Databases and Depots

Database and DepotsLet’s talk about how Truxton uses database and depots (D&D) to manage data in your Digital Forensics Investigation. If you thought D&D meant something else (http://dnd.wizards.com/), you’re probably a forensic technician or computer programmer. Truxton puts data into three categories, meta-data, raw data and something in-between we call snippets.

Meta-data. This is stuff that is actively searched. It is stored in a SQL database. Truxton uses PostgreSQL (https://www.postgresql.org/) for the database because of its stability, cost, and maturity. We use it in a somewhat unique way in order to go big. Things in the database are filenames, file content locations, phone numbers, geographic coordinates, etc. The items of information that investigators care about and will search.

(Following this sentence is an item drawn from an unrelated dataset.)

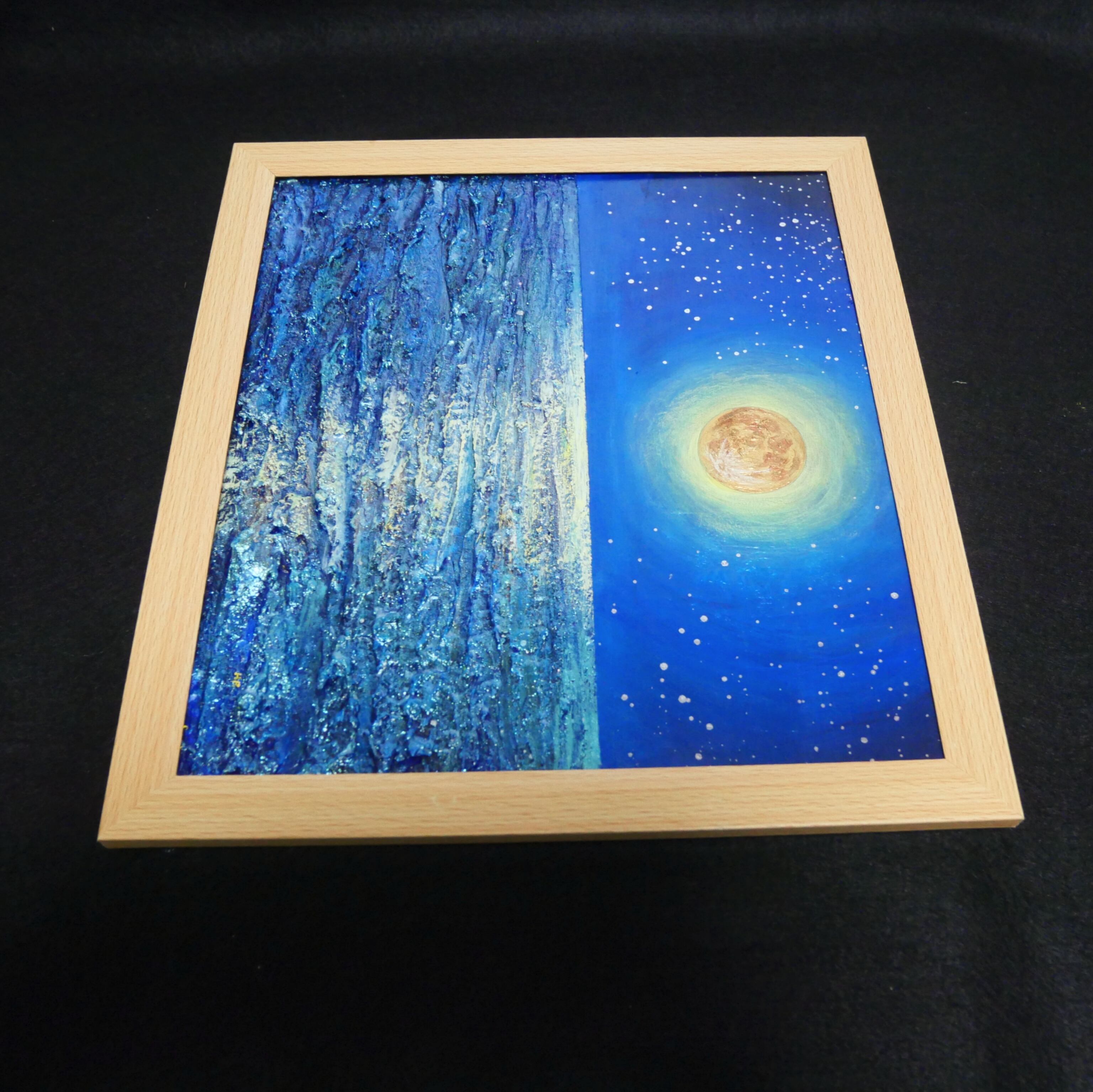 使用される油絵具は、一流の【ホルベイン】を使用しており、高級な偏光顔料#30クロマパールブルーを加えることで、海のキラキラ感を際立たせています。この「月下の海」は、夜の静けさと神秘的な美しさを感じさせてくれる特別な作品となるでしょう。
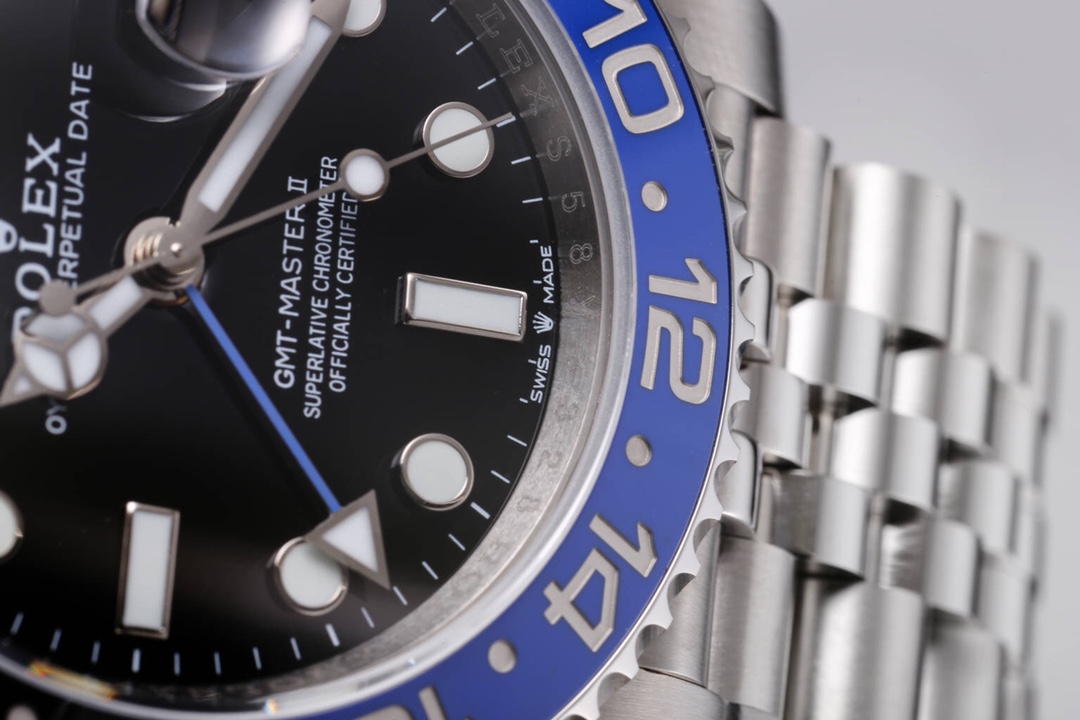 Rolex GMT Greenwich red circle and blue and black circle upgraded version. Made of genuine 904L steel, the one-piece ceramic bezel is consistent with the genuine product, 40mm, 904L steel case bracelet, sapphire mirror, super luminous, ceramic rotating bezel, original folding clasp.

Raw data is stored in big files we call depots. Files and free space from seized media are placed in these depots one after another. The database contains the information that maps file contents to locations in a depot. This is a well-worn technique (I’ve used it for almost 20 years now) for storing billions of blobs. Facebook uses it in their Haystack system (https://code.facebook.com/posts/685565858139515/needle-in-a-haystack-efficient-storage-of-billions-of-photos/), Amazon uses it in their S3 storage (https://en.wikipedia.org/wiki/Amazon_S3). The technique is used to balance the efficient storage of many things with the efficient management of disk space. When you load up a file system with billions of files, finding a file by name becomes challenging. The filesystem becomes a really bad database. Truxton can put a million files into a depot, but the underlying filesystem only has to manage one file. This means the file system can find the depot file quickly and has much fewer things to manage. It is far easier to move one file than a million.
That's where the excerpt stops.